» DESCRIPTION OF THE TASK: Below are some records. Write out exactly their lines from the one with "The truck boasts" through the one with "拉麵台風 (荃灣) 網址: https://s.openrice.com/QrbS0bD4100", and leave the pictures behind.
━━━ PROVIDED DATA
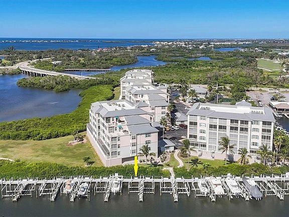 WATERFRONT FIFTH FLOOR PENTHOUSE WITH 3 BEDROOMS AND 3 FULL BATHS PLUS A DEEDED BOAT SLIP WITH 12,000 Lb LIFT AND 2 CAR GARAGE! With over 2100sq ft under air, this condo includes a large totally renovated kitchen and an open dining and living area, all with water views. You cannot beat the large waterfront screened porch and open porch with plenty of room for sunning and grilling, a rarity in a condo. Beautiful ceramic tile floors have been added throughout this one level condo in all the main living areas. All hurricane impact resistant windows and doors as well as hurricane shutters on the screened lanai. The master bedroom has water views, his and hers walk in closets and an ensuite master bathroom. There are 2 guest bedrooms, one with an ensuite bathroom. The third full bathroom serves one of the guest bedrooms and is also utilized as a guest bath. 40FT DEEDED ON SITE BOAT SLIP WITH 12,000 LB LIFT AND 4 NEW PILINGS INCLUDED. Boca Vista Harbor amenities include a gated entrance, heated pool and spa, tennis or pickleball court and kayak and paddle board launch area. Across the street is the entrance to the Pioneer Trail with 7 miles for walking, jogging or biking. Located 5 minutes from the State Park beaches of Boca Grande and adjacent to a full service marina with fuel, service, supplies and restaurant. Numerous Golf Courses are close by, both private and public. Call now for your private showing.
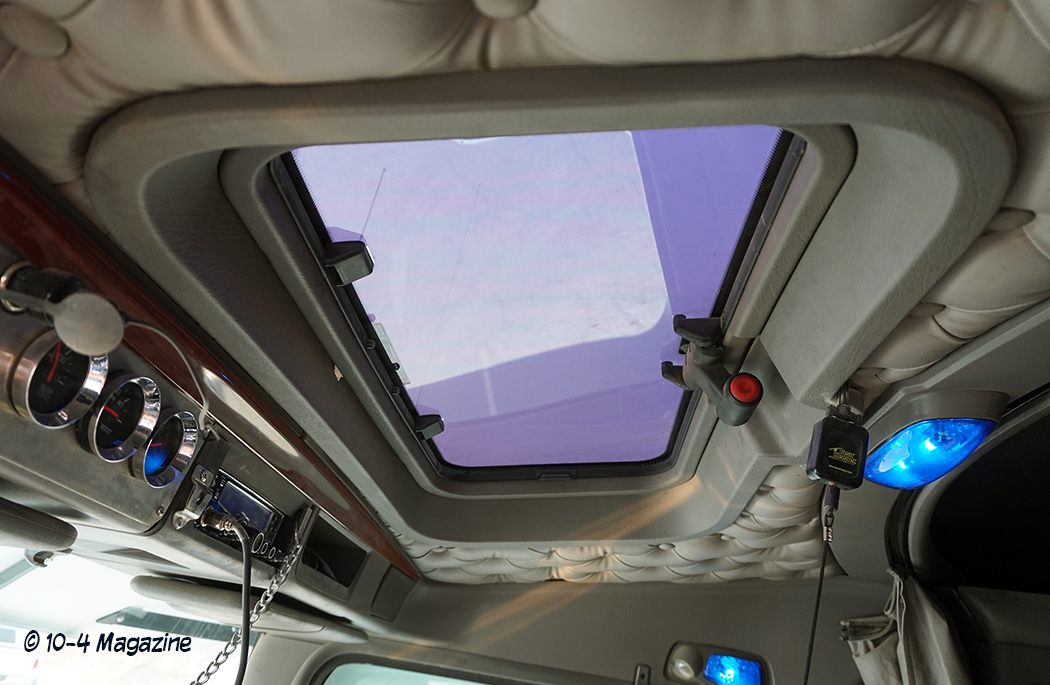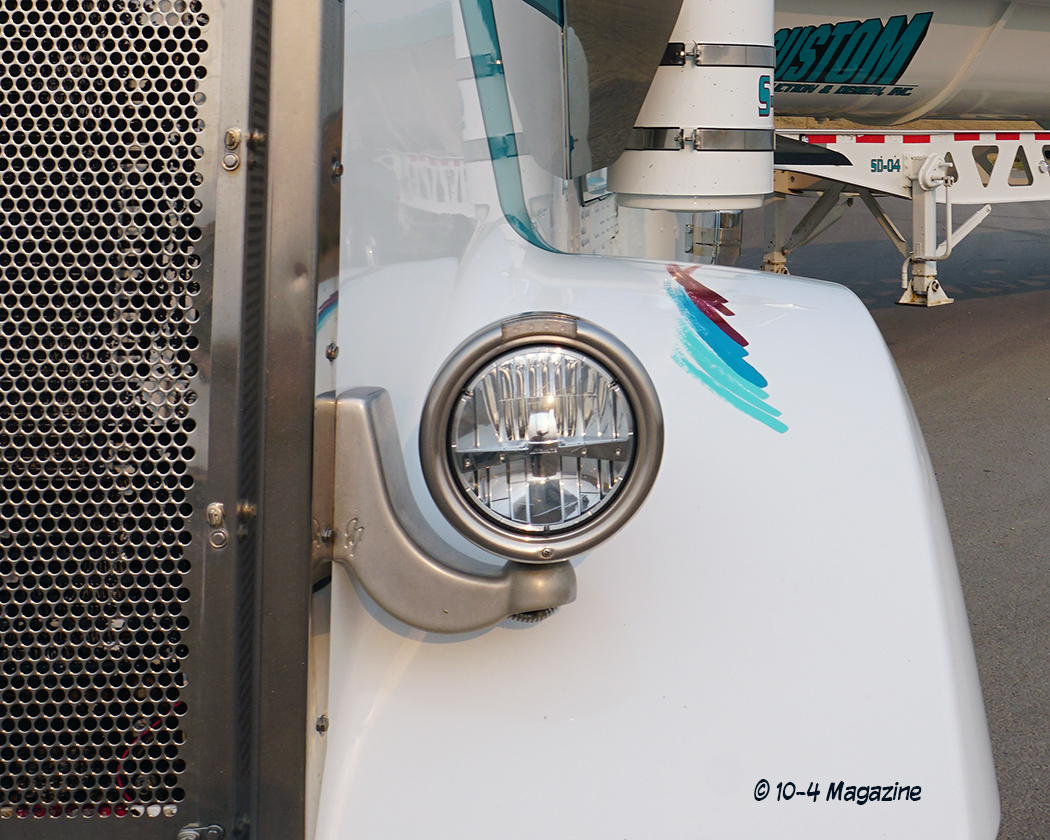 The truck boasts a 600-hp C-15 CAT under the hood with a single turbo conversion kit, an 18-speed Eaton Fuller transmission, 3:36 gear ratio, a 295” wheelbase and 40,000-pound rear ends. The truck also sports 8” exhaust, striking paint by Rob Schmidt Body and Paint, and lots of “Dual Revolution” LED lights from Trux that switch from amber to green and red to green. Even though the teal ribbon on the side of his truck hood doesn’t represent Osteosarcoma, specifically, it still represents all those affected by cancer, including himself.
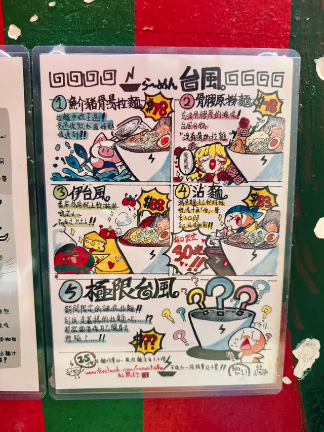 拉麵台風 (荃灣) 網址: https://s.openrice.com/QrbS0bD4100 地址: 香港荃灣大河道81號寶成樓地下7號舖 電話: +852 24197717
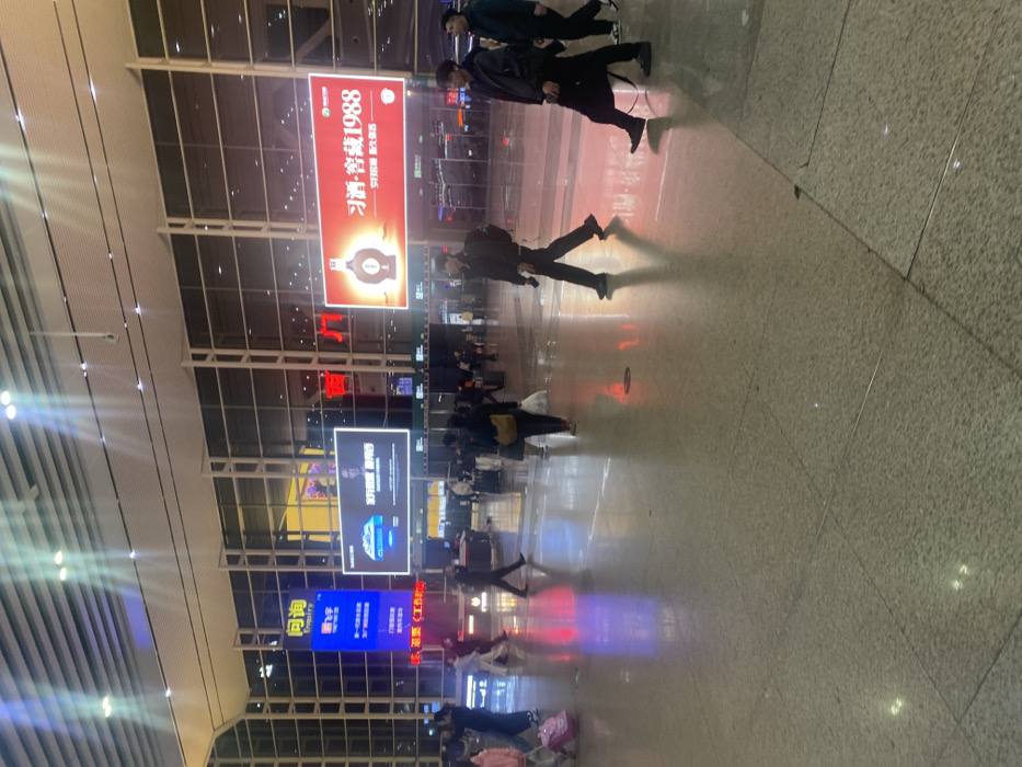 The image displays a brightly illuminated, expansive indoor public concourse, identified as being in Panyu District, China. The environment features a high, paneled ceiling equipped with linear and recessed spot lighting fixtures. A significant portion of the background consists of a tall glass facade supported by a dark metal grid structure. The floor is covered with large, light-colored, reflective tiles, showing distinct reflections of overhead lights and digital displays. Numerous individuals are observed traversing the space, primarily engaged in walking. In the immediate foreground on the right, three men are depicted walking from right to left. The man furthest right wears a dark jacket and dark pants, carrying a dark shoulder bag. The middle man is dressed in a black jacket, dark pants, and a dark cap, holding a mobile phone in his right hand. The man closest to the viewer is in a dark jacket and dark pants. In the mid-ground to the left, a person in a pink top and dark pants pulls a pink wheeled suitcase towards the left. Other individuals, generally in dark or neutral-colored casual attire, are distributed throughout the mid-ground and background, walking in various directions. The concourse contains several large, prominent illuminated LED advertising screens. A vertical blue screen on the left displays Chinese characters, including "问询" (Inquiry). Adjacent to it, a horizontal black-background screen features an advertisement for "STRIKE DAVID," including a male figure and blue abstract graphics. To the right, a large horizontal red-background screen showcases an advertisement for "习酒·窖藏1988" (Xijiu, Cellar Collection 1988), depicting a stylized bottle of liquor. The artificial lighting from the ceiling and these digital displays constitutes the primary illumination for the scene.
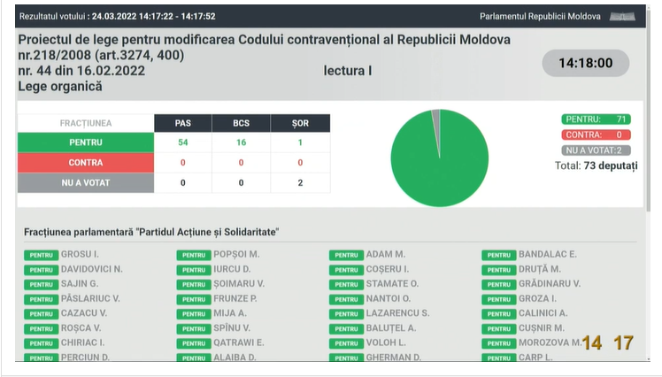 UPDATE 14:18 A fost votat proiectul de lege pentru modificarea Codului Contravențional al R. Moldova nr 218/2008.
━━━━━━
» ANSWER SPACE:
 The truck boasts a 600-hp C-15 CAT under the hood with a single turbo conversion kit, an 18-speed Eaton Fuller transmission, 3:36 gear ratio, a 295” wheelbase and 40,000-pound rear ends. The truck also sports 8” exhaust, striking paint by Rob Schmidt Body and Paint, and lots of “Dual Revolution” LED lights from Trux that switch from amber to green and red to green. Even though the teal ribbon on the side of his truck hood doesn’t represent Osteosarcoma, specifically, it still represents all those affected by cancer, including himself.
 拉麵台風 (荃灣) 網址: https://s.openrice.com/QrbS0bD4100 地址: 香港荃灣大河道81號寶成樓地下7號舖 電話: +852 24197717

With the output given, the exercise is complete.